周于抱着刘迎春进了厨房把刘迎春放在地上,自己去洗手。
“迎春你舅妈呢?”
刘迎春人小可是心眼不小,她妈来的时候告诉她了,要是舅妈欺负她,就告诉老舅。
刘迎春说舅妈对着我喊,周于纳闷,青树好好的对着孩子喊什么?
洗完手去屋子里看,青树没在,对着白母说着:“妈,青树没过来?”
白母笑呵呵的从厨房走出来。
“别等了。
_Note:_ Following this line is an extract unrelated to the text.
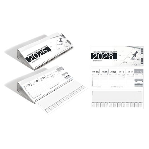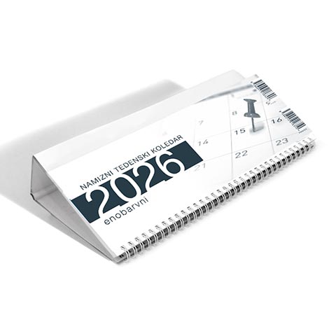 Namizni ležeči koledar 2026 – enobarvno in pregledno leto na dosegu roke. Praktičen in estetsko oblikovan namizni ležeči koledar, popoln za pisarno, dom ali recepcijo. Ležeči namizni koledar 2026 omogoča hiter pregled nad tednom, mesecem in pomembnimi datumi, zaradi česar je nepogrešljiv pripomoček pri vsakodnevnem načrtovanju. Enobarvna izvedba in jasno označeni prazniki ter vikendi izboljšajo preglednost, zato je ta namizni koledar 2026 idealna izbira za vsak delovni prostor, kjer sta učinkovitost in organizacija na prvem mestu. Za ogled ostalih koledarjev iz rubrike namizni koledarji kliknite tukaj. Ogled koledarjev s podrobnejšimi opisi najdete na povezavi spletne strani www.tiskovine-naroci.si.
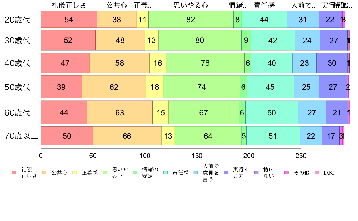 〔リスト〕子供がいるとしたら、あなたは、将来、どのような性質を持つ大人になってほしいと思いますか。つぎの中から、特に重要と思うものを3つ選んでください?(M.A.)

”
周于我还是回去叫一声吧,吃完了在睡。
保姆说青树在医院呢,周于不解,今天她歇班啊。
白母看了保姆一眼,保姆就不说话了,周于一想迎春说的话,就知道问题在哪里了。
“妈,青树生气了?”
白母笑笑嘴上说着没有。
周于吃完饭陪着刘迎春玩了一会儿然后就回医院了,特意去楼上转了一圈,果然白青树里面睡觉呢,睡的挺香的。
周于站在她床边,想了想还是没有叫醒她就走了。
袁敏二胎的事情在医院里这样的多了去了,借用自己的职务之便顺便为自己谋点好处,世界是在说变了,生男生女都一样,可是大众的心思可从来没有变过,那生女儿的心里也有不甘的。
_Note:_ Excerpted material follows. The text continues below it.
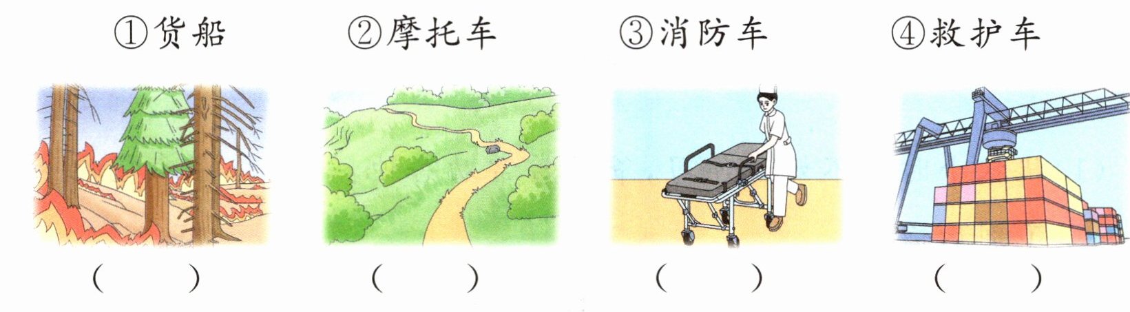 1. 下面的场景中,可能会用到哪种交通工具?选一选。(填序号)

袁敏脸的颜色不太好,别人的大夫都说肯定是儿子,袁敏想着但愿吧,要是儿子也不枉自己受这个哭,才怀孕也看不出到底是男是女。
跟着袁敏另外的一个实习生说白青树今天回医院睡的,袁敏想这是真吵架了,不然宿舍就在旁边干嘛不回家睡啊。
白天也就算了,到了晚上刘迎春是跟周于他们睡还是跟白母一起睡?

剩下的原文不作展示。